The last 3 years have seen an unprecedented increase in paraffin-related challenges in the world of production chemistry. The industry is producing more-challenging crude oil as the production of light, sweet, and easy-to-treat crude declines. The new crudes coming on stream contain more-complex combinations of paraffinic components.
We are aware of the bimodal distribution of paraffin displayed nicely in high-temperature gas chromatography of, for example, Eagle Ford crude oil, which shows a double peak distribution of paraffin. Some of the more-recent publications highlighted are using more-advanced analytical techniques to characterize crude oil because heavier paraffin components are not detectable by classical methods. Characterization using techniques such as nuclear magnetic resonance and matrix-assisted laser desorption/ionization time-of-flight mass spectrometry are detecting paraffin chains in excess of C100 and determining a trimodal distribution of paraffin in crude oil that is difficult to treat using today’s technology, thus requiring a change in approach and thinking for the production chemist. Such crudes are being developed today—crude oils from some of the more extreme shale plays around the world such as the Montney formation in British Colombia, Canada; Vaca Muerta in Argentina; East African crude oils of Uganda, Chad, and Kenya; and crude oils in the Far East such as those in Indonesia and Vietnam.
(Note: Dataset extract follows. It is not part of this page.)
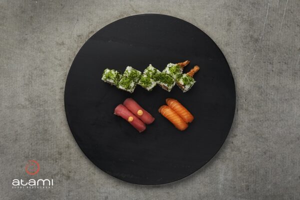 (20stk.) 1 Lækker laks (8 stk.), 1 Stor tempura roll (6 stk.) 2 Nigiri laks, 2 Nigiri spicy tun, 2 Nigiri reje.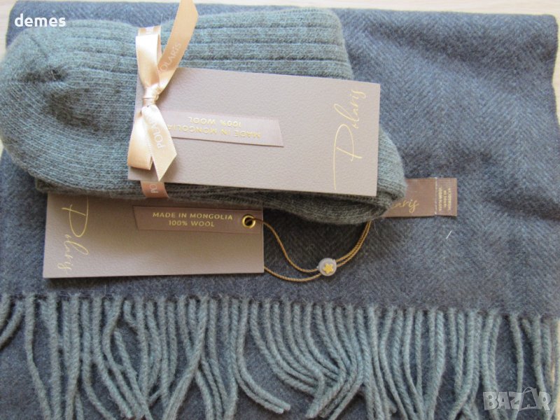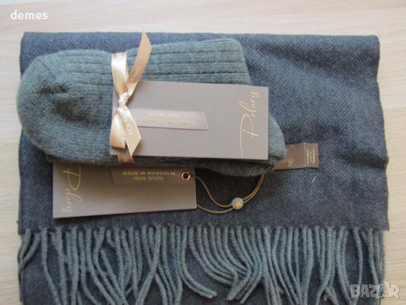 Изключително фин комплект от мъжки шал и вълнени чорапи в елегантнен антрацитен цвят.

The current chemical technology begins to reach its limit of functionality in a crude oil that contains paraffin chains of C75+ in length. The featured papers give some insights into the work under way to elucidate the structure performance relationships between inhibitors and crude oils containing these higher paraffinic species. Much work remains in order to develop more-effective solutions and strategies for these incredibly challenging and highly paraffinic crude oils.
The featured papers summarize some of the state-of-the-art techniques to determine the true nature of paraffin deposition from these bi- and trimodal crude oils as well as advanced techniques to truly characterize and treat produced fluids and recovered solids samples. Readers are encouraged to research the recommended additional reading and take some time to delve into the references contained in these papers. This literature contains an extensive review of the history and current state of the art in paraffin science for the oilfield chemist and engineer.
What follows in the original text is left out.